Daher bedeutet das Säen für das Fleisch nicht unbedingt, dass man den Zweiten Tod ernten wird. Es bedeutet jedoch mit Sicherheit, dass man Schwierigkeiten und eine Abkehr von Gott ernten wird, und zwar in dem Maße, wie man Böses gesät hat. Bei den geistgezeugten Menschen würde es mit Sicherheit zum Zweiten Tod führen, wenn sie ihren Weg nicht ändern. Wir sehen diese Angelegenheit bei vielen Christen. Sie beginnen ihren christlichen Weg und leben zu einem beträchtlichen Teil nach dem Geist Gottes, doch gelegentlich geben sie den Dingen des Fleisches nach und fördern mehr oder weniger den fleischlichen Sinn. Sie merken vielleicht keine unmittelbaren Folgen, aber es werden böse Samen gesät. Diese bösen Samen, böse Gedanken im Sinn, können, selbst wenn man sie später bereut, den Sinn für den Rest des Lebens mehr oder weniger verderben; sie lenken vom Herrn ab, von den himmlischen Dingen, und machen den Kampf umso schwerer. Der Christ sollte darauf achten, dass sein ganzer Lebensweg, seine Wünsche, seine Gedanken in Einklang mit dem Geist einer gesunden Gesinnung, dem Geist Gottes, dem Heiligen Geist, gebracht werden.
Wir verstehen unter „Säen für den Geist“ und „Säen für das Fleisch“ entweder ein Leben nach Gottes Willen oder andererseits ein Leben nach dem Geist des Widersachers – das Säen von Samen, der entweder zu den gesegneten Früchten des Heiligen Geistes Gottes oder zu den Früchten des gefallenen Fleisches führt – dem verdorbenen, satanischen Geist mit all seinen Begleiterscheinungen. Wenn wir nach unserem Fleisch leben, bedeutet das Verderbnis, moralischen und geistlichen Verfall; denn wir befinden uns in einer verderblichen Bedingung.

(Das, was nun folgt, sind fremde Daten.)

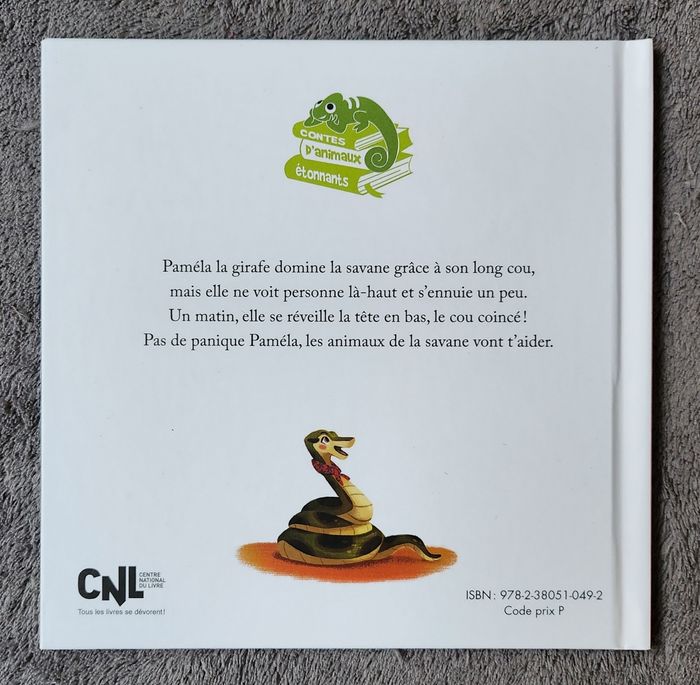 Résumé : Paméla la Girafe domine la savane grâce à son long cou mais elle ne voit personne là-haut et s'ennuie un peu. Un matin, elle se réveille la tête en bas, le cou coincé! Pas de panique Paméla, les animaux de la savane vont t'aider.. Date de parution : 01/03/2022. Auteur : Éric-Emmanuel Schmitt. Illustratrice : Florence Guittard. Collection : Contes d'Animaux Étonnants. Éditions : Hachette Jeunesse. =) 20 pages. État comme neuf.
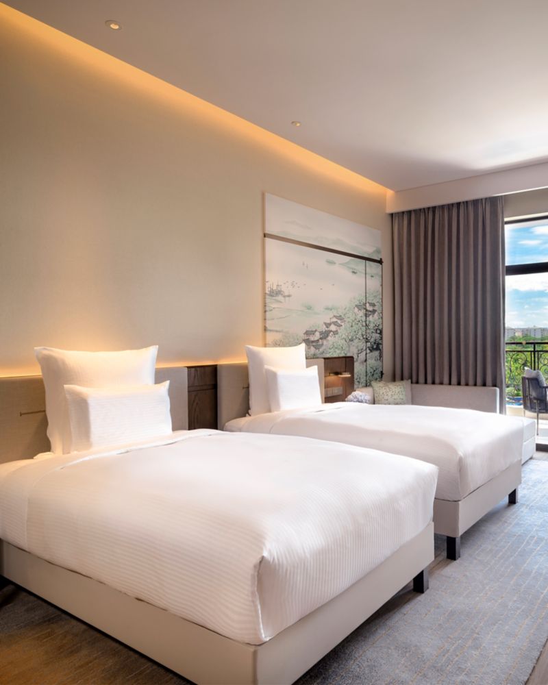 La chambre Deluxe, avec son balcon privé et sa vue sur le jardin, offre un espace serein de 49 m² (527 sqft) pour vous détendre. Immergez-vous dans un espace où des aménagements bien pensés côtoient des technologies intuitives, un lieu parfait pour allier détente et créativité.

DER GEGENWÄRTIGE WEG DER WELT WIRD SICH AUF DIE ZUKUNFT AUSWIRKEN
In ihrer gegenwärtigen Bedingung kann die Welt nicht auf ewiges Leben hoffen, denn sie ist nicht in Beziehung zum Lebensgeber getreten, obwohl Gott, wie die Kirche weiß, der ganzen Menschheit die Gelegenheit zum ewigen Leben gegeben hat. Aber auch wenn die Welt noch nicht auf dieses ewige Leben hin einer Prüfung unterzogen wird, hat ihr Verhalten dennoch einen entscheidenden Einfluss auf ihre Zukunft. Wenn sie jetzt nach den Grundsätzen der Selbstsucht – der Selbstbefriedigung – leben, werden sie entsprechend ernten, entsprechend den Einflüssen, die in ihnen wirken. Und dies wird sie in einer zunehmend verdorbenen Bedingung überlassen, wenn sie so weiterleben, und sie werden im nächsten Zeitalter mehr zu überwinden haben, wenn sie jemals ewiges Leben erlangen wollen. Sie wären wesentlich weiter fortgeschritten und im Vorteil, wenn sie den Werten der Gerechtigkeit folgen würden, wenn sie die Prinzipien der Gerechtigkeit und der Liebe pflegen würden; und sie werden weitaus schlechter gestellt und benachteiligt sein, wenn sie den Prinzipien der Selbstsucht und der Unreinheit folgen.
Wir können diese Angelegenheit deutlich bis zurück zum Garten Eden verfolgen. Im Falle von Vater Adam, als er zur Selbstbefriedigung säte, als er von der verbotenen Frucht aß, schlug er den falschen Weg ein; er folgte nicht seinem besten Urteilsvermögen, seinem Gewissen; er folgte seiner Neigung. Infolgedessen brachte er die Todesstrafe über sich, die allmählich zum Erlöschen des Lebens führte; und alle seine Nachkommen haben seine Verurteilung mitgetragen. Traurig war die Aussaat, und bitter und weitreichend war die Ernte. Aber durch die Gnade Gottes werden selbst die schrecklichen Erfahrungen des Menschen mit der Sünde sich für die Engel und alle intelligenten Schöpfungen Gottes in alle Ewigkeit als sehr wertvolle Lektion erweisen.